Overview of Architecture
DOTIE employs a novel technique that capitalizes on the temporal information inherent in event data to detect moving objects. The core of DOTIE is a lightweight, single-layer spiking neural network (SNN) designed to separate events based on the speed of the objects that generated them.
The fundamental principles behind the architecture are:
- Events generated by the same object are temporally close to each other.
- Events generated by the same object are spatially close to each other.
The architecture utilizes Leaky Integrate and Fire (LIF) neurons, which are sensitive to the temporal structure of input events. By tuning hyperparameters like the threshold and leak factor, these neurons can identify input spikes (events) that occur close together in time, effectively filtering events based on object speed. Instead of connecting each pixel directly to a neuron, DOTIE uses a weighted sum from a neighborhood of pixels (e.g., 3x3) as input to each neuron. This allows the SNN to better identify fast-moving objects by considering the spatio-temporal pattern of events.

The key advantages of this architecture include:
- Asynchronous operation, processing events as they are generated.
- Robustness to camera noise and events from static background objects.
- Low latency and energy overhead due to the single-layer SNN and the nature of spiking neuron operations (accumulate vs. multiply-and-accumulate).
- Scene independence, meaning the SNN parameters correspond to object speeds and can be fine-tuned before deployment without extensive retraining for new scenes.

Results and Demonstration
DOTIE has demonstrated its capability to effectively detect the speed of objects using only event data. In a practical demonstration mentioned in the literature, a DAVIS346 Event Camera was used to capture events from a disk rotating at three different speeds (slow, medium, and fast) on an electric motor. The spiking architecture was fine-tuned to separate events corresponding to these speeds, visually represented by color-coding events based on their allocated speed bin.
To further validate DOTIE’s real-time capabilities, a live demonstration was conducted using an Arduino board to control the rotation speed of a disk at three distinct levels. A DVS (Dynamic Vision Sensor) event camera captured the asynchronous events generated by the rotating disk, and DOTIE was applied in real-time to process this event stream. The results of this demonstration are visualized below, showcasing DOTIE’s ability to track the moving disk.

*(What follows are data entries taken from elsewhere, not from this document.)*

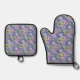 Abstract fun cartoon flowers floral kids scandinav oven mitt & pot holder set
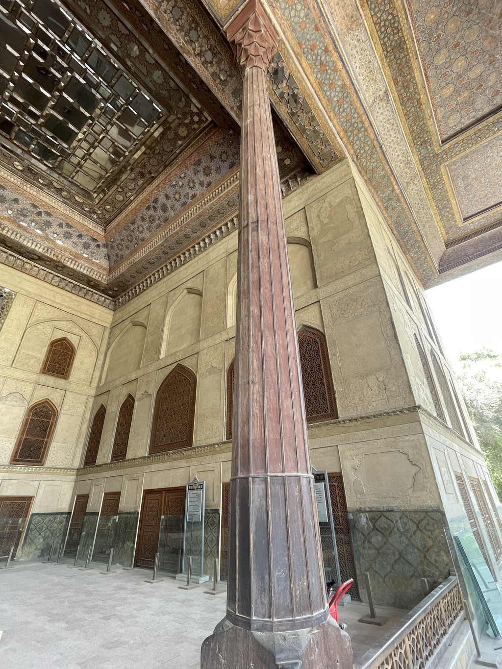 “四十柱宫”是伊斯法罕有名的建筑。这座宫殿位于一个占地67000平方米的大花园中。花园是阿巴斯大帝修建,而花园中央的宫殿则是其后的阿巴斯二世于1647年建造,专为接见和宴请外宾之用。宫殿的前面是一个巨大的门廊,门廊由20根柏木做的独木巨柱支撑。门廊前面有一个长110米、宽16米的水塘,水从安放在塘底的四头狮子的口中喷出。塘水清澈见底,波光粼粼。木柱倒映在水中,又有20根同样的柱子浮现。人们根据这一独特的景观将宫殿称为“四十柱宫”。这一实一虚,人间水底,两重世界,催人遐思。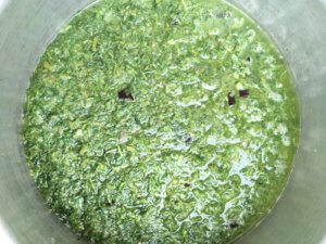 • Au fur et à mesure qu’on pile les feuilles, il faut ajouter progressivement dans le mortier les autres ingrédients coupés grossièrement.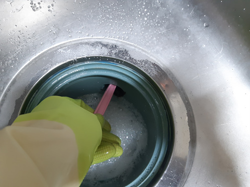 보통 개수대 청소라고 하면 수세미를 넣어 박박 문지르는데요. 사실 설거지용 고무장갑을 착용하고 다시 그곳을 청소하기가 좀 찜찜한 기분이 듭니다.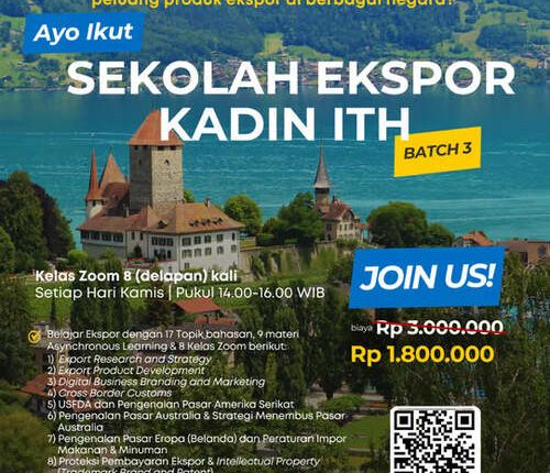 Medankinian.com, Jakarta – KADIN Indonesia Trading House (KADIN ITH) kembali menghadirkan Sekolah Ekspor Batch 3, sebuah program edukasi komprehensif bagi para calon eksportir yang ingin memahami peraturan ekspor di berbagai negara serta menemukan peluang ekspor produk mereka.Program ini akan berlangsung dalam 8 sesi kelas Zoom interaktif setiap hari Kamis, mulai 20 Maret hingga 22 Mei 2025, pukul 14.00 – 16.00 WIB.

Accuracy: Compared to other event-based detection algorithms on the MVSEC dataset (outdoor day 2 segment), DOTIE (combined with DBSCAN for clustering) achieved significantly higher performance:
- Mean IoU: 0.8593
- Recall: 1.00
- Precision: 1.00 This outperforms methods like GMM, Meanshift, K-Means, GSCE, and DBSCAN alone, which struggled with background noise and accurately delineating moving objects.

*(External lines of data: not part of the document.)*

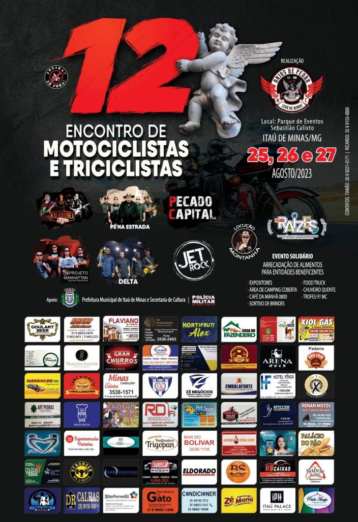 12º ENCONTRO DE MOTOCICLISTAS ANJOS DE PEDRA nos dias 25, 26 e 27 de agosto no Parque de Exposição. Com arrecadação de alimentos para entidades.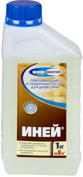 Отбеливатель WOODMASTER Иней 1 кг бережно отбеливает древесину до исходного цвета и удаляет поверхностные биопоражения. Повышает сортность пиломатериалов. Обладает противогрибковыми и дезинфицирующими свойствами. Не препятствует дыханию древесины и не ухудшает прочность и склеиваемость древесины. Не препятствует дальнейшей обработке древесины декоративными составами. Расход 120-400 г/м2 в зависимости от степени поражения древесины.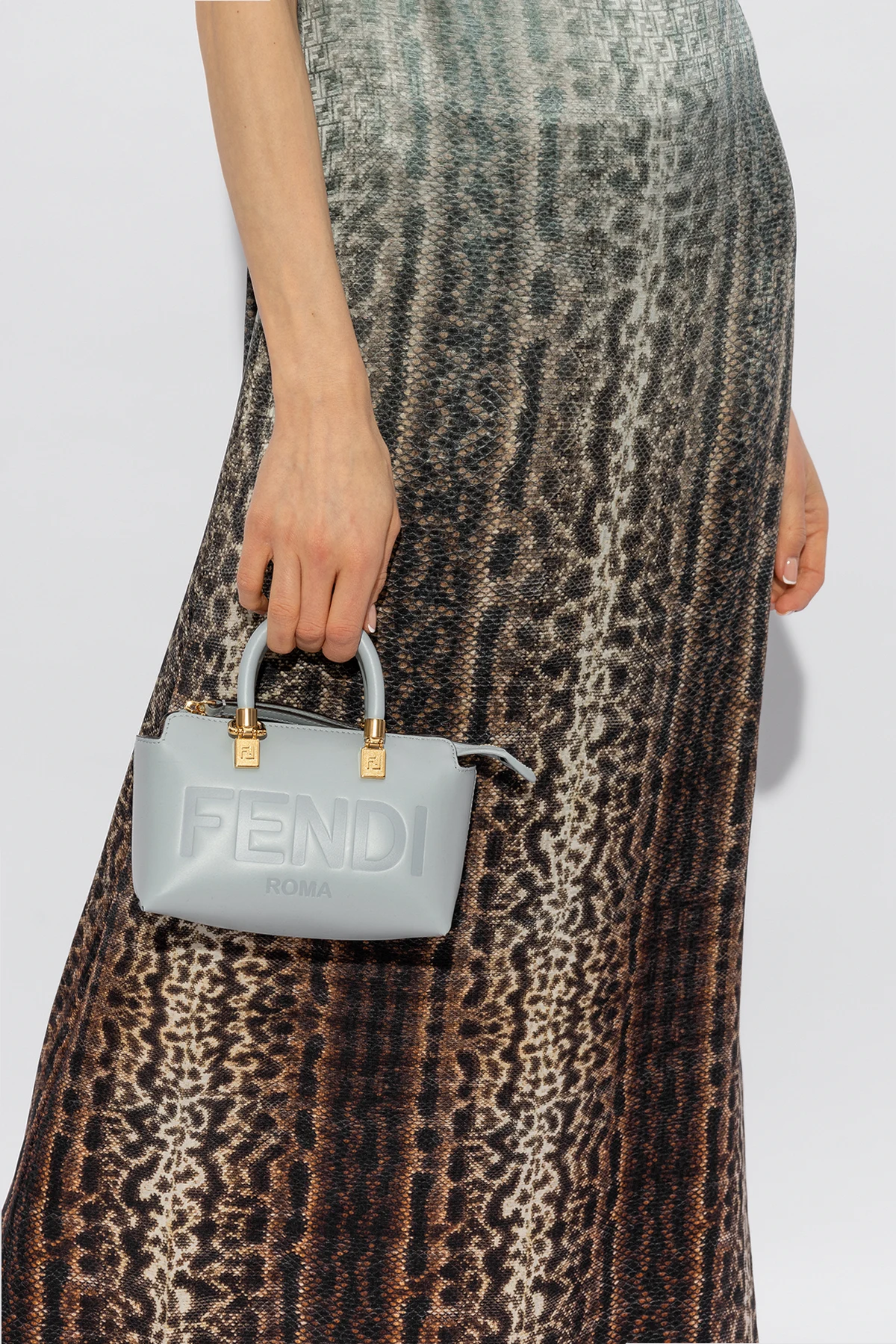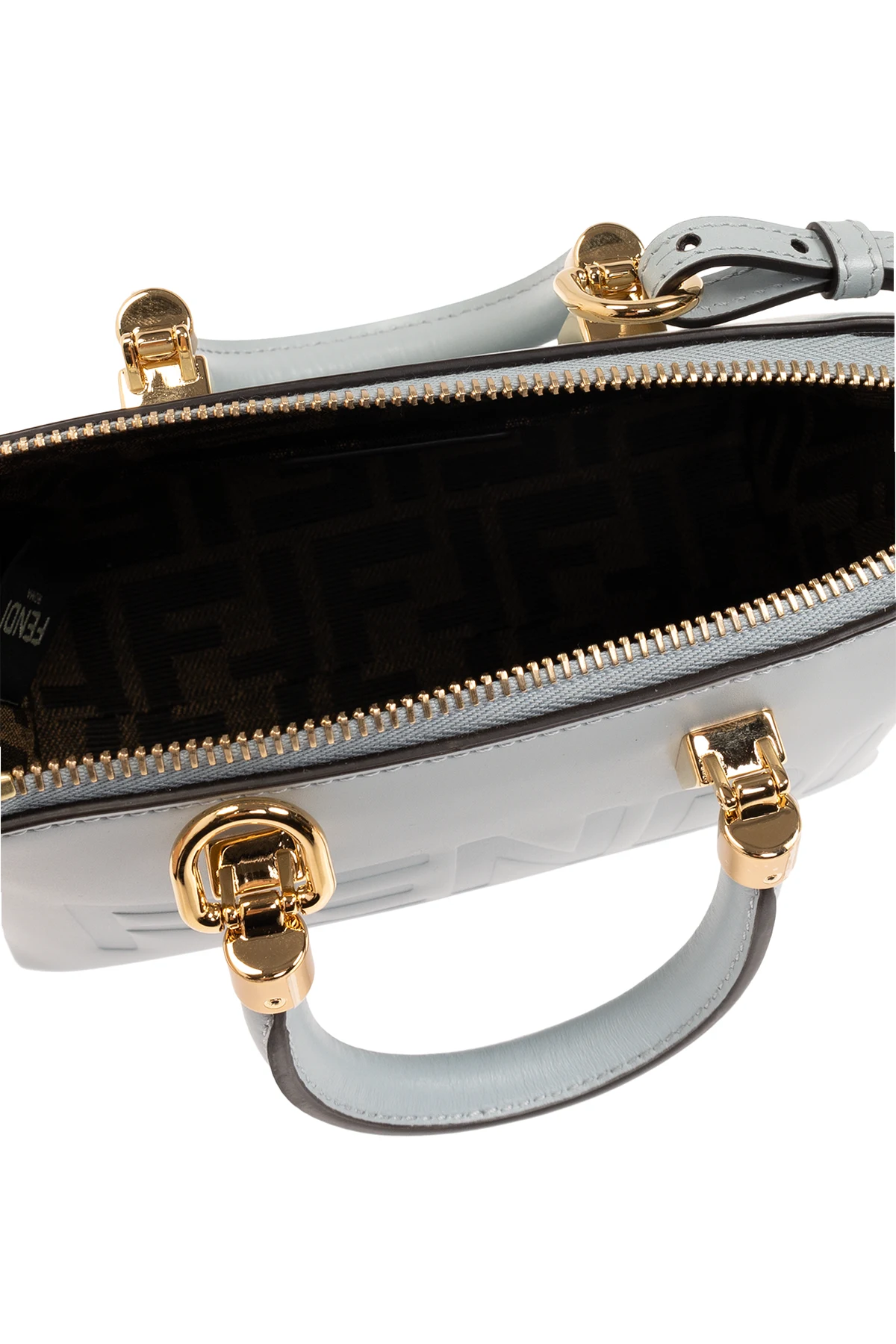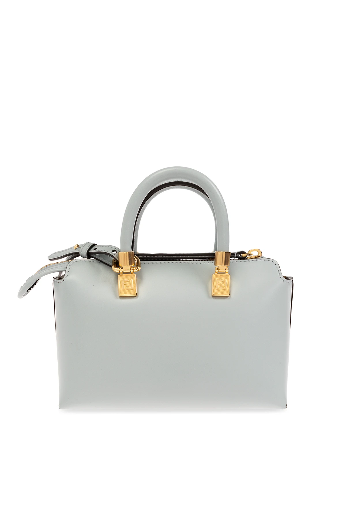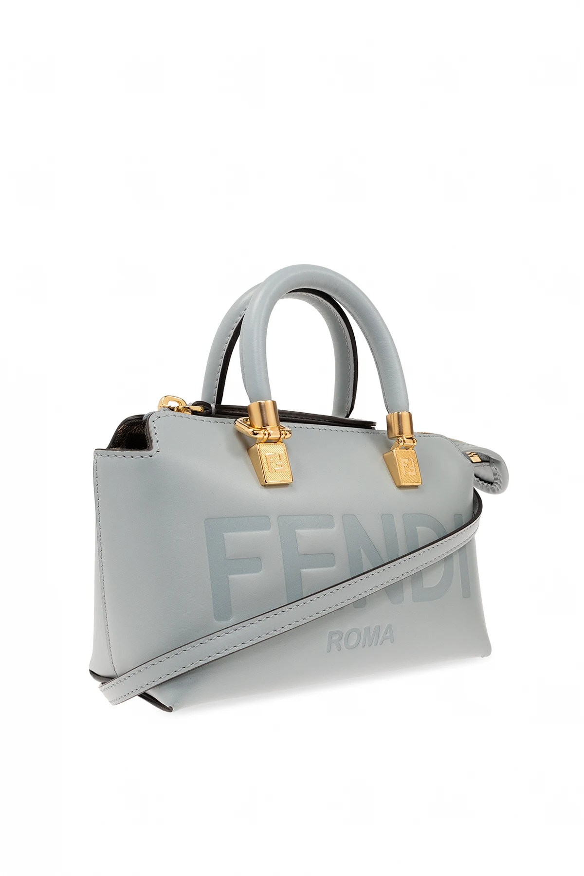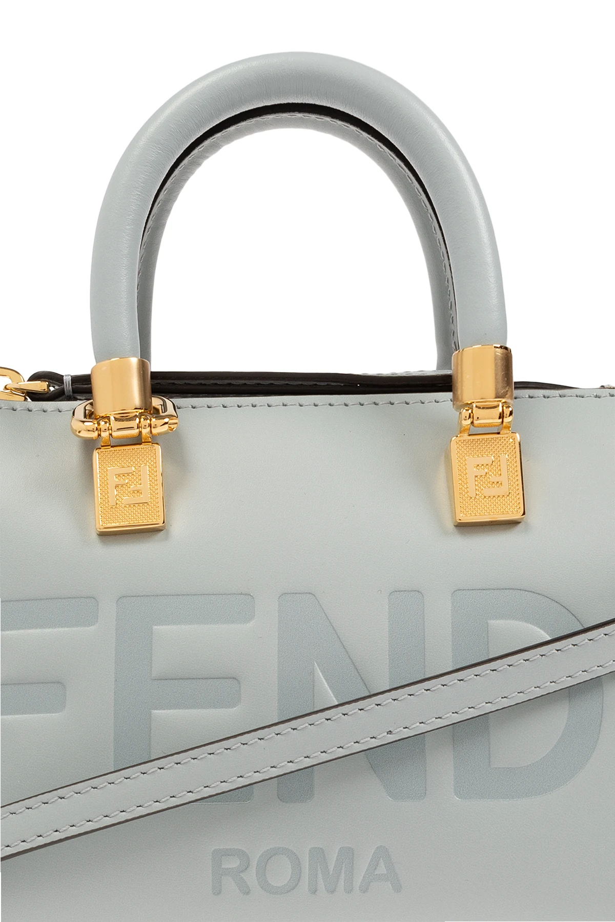 Jasnoniebieska torba na ramię, model ‘By The Way Mini’ Fendi. Wykonana z gładkiej skóry. Zamykana na zamek. Z przodu ozdobiona logo. Dwie półokrągłe rączki. Odpinany, regulowany pasek. Wewnątrz komora i miejsce na kartę. Metalowe elementy w kolorze złotym.

Computational Efficiency: A key highlight of DOTIE is its energy efficiency, particularly when implemented on neuromorphic hardware.
- When implemented on Intel Loihi-2, DOTIE showed a dynamic energy consumption of 2.32 mJ per inference, compared to 28.74 mJ per inference on a CPU. This represents a 14x reduction in energy consumption.

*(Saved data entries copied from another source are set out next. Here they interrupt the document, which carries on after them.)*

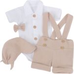 Mušelínové kraťasy s láclom, bodýčko, čiapočka, motýlik 4D sada, Z&Z, piesková/biela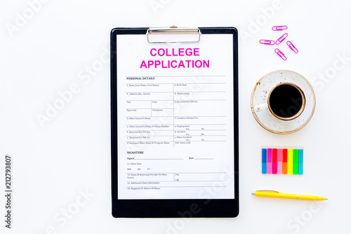Apply college. Empty college application form near coffee cup and stationery on white background top view space for text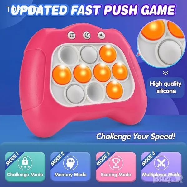 Пристрастяващата актуализирана игра с бързи балончета, която е по-забавна и издръжлива. Помага на децата да подобрят уменията си за памет и координацията око-ръка, насърчава сетивното им развитие и намалява времето им пред екрана по забавен начин. Подобреният качествен силикон е по-издръжлив и носи непрекъснато щастие на децата.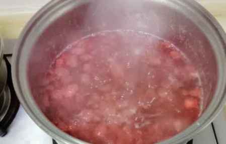 8、把草莓冰糖水倒入锅中,中火烧开转小火,之后就一直用小火熬。在煮的过程中,要注意。拿勺子把煮沸之后的一些浮沫过滤掉,因为会影响口感,你会发现滤掉一层浮沫之后一会儿它还会有,那就一直滤掉,直到最后做完。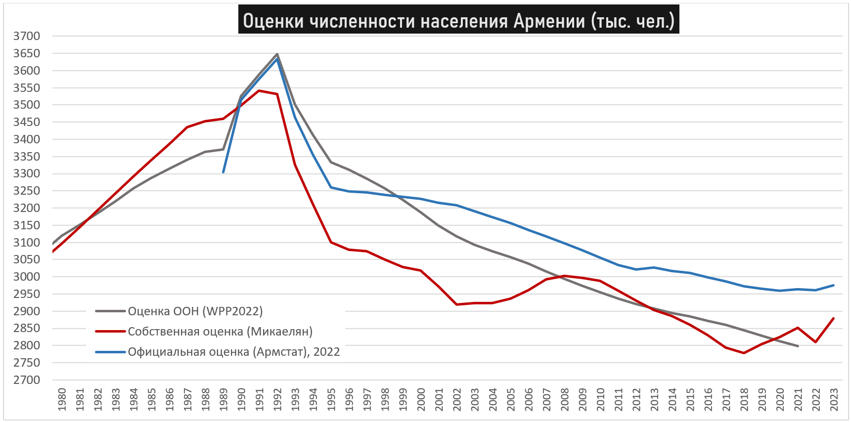 Как мы видим, во всех прогнозах ООН относительно Армении за последние 20 лет (на графике не приведены прогнозы середины-конца нулевых, чтобы его не перегружать) предполагалось поэтапное снижение населения, постепенно ускоряющееся к IV десятилетию XXI века. Однако наиболее резкое падение предполагалось по прогнозу 2002 года (есть только две точки – за 2025 и 2050 гг.). Относительные демографические успехи Армении в дальнейшем повлияли на то, что в дальнейшем предполагалась более благоприятная динамика, а по прогнозу 2019 года предполагался даже рост вплоть до 2030 года. Но в тех прогнозах было очень много неточностей в исходных положениях и, хотя в деталях и нынешний прогноз ООН содержит много неточностей, но они друг друга компенсируют таким образом, что расхождения с моим прогнозом (более детально учитывающим обстоятельства Армении) стали минимальными.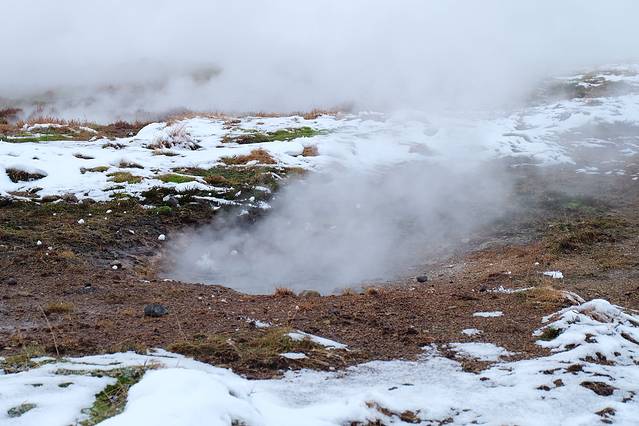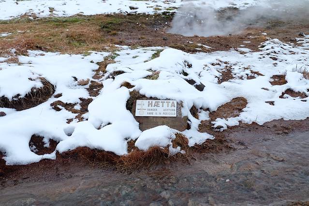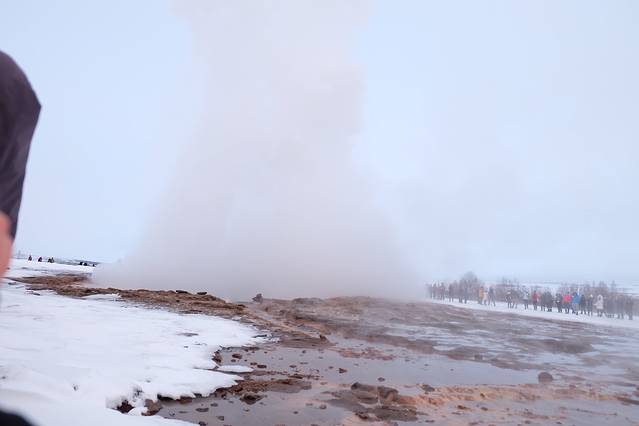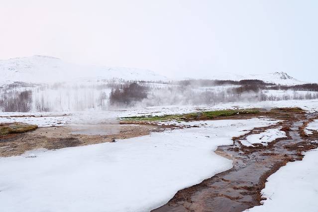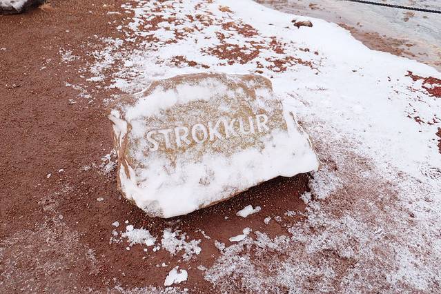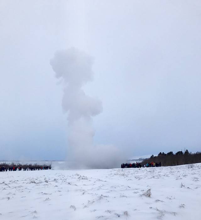 到间歇泉的时候天已经亮了,雪也变小了。一下车就闻到浓浓的臭鸡蛋味儿,听说每8-10分钟就会喷一次。我们打算赶紧看一下就去吃东西,没想到还录到了视频!!!确实是挺震撼的,不过每一喷臭鸡蛋味儿就更浓了。

- The estimated energy for the spiking layer during inference on the MVSEC outdoor day 2 segment was approximately 11.03nJ. This is a substantial reduction compared to traditional artificial neural networks like YOLOv3, which was estimated to consume around 44.06mJ for inference on the same dataset.
- While the CPU implementation achieved higher Frames Per Second (946 FPS) than Loihi-2 (266 FPS) in one reported experiment, the significant energy savings on neuromorphic hardware underscore its suitability for power-constrained applications.
The algorithm is asynchronous and can operate at the rate events are generated, minimizing processing overhead in terms of latency. A bounding-box IoU score of roughly 80% was achieved between the Loihi (Lava simulator) and CPU (PyTorch) implementations on a subset of the MVSEC dataset.

This project showcases the advantages of using event cameras combined with spiking neural networks and neuromorphic hardware for efficient and low-latency object detection. You can find details in (Nagaraj et al., 2023) and (Roy et al., 2023).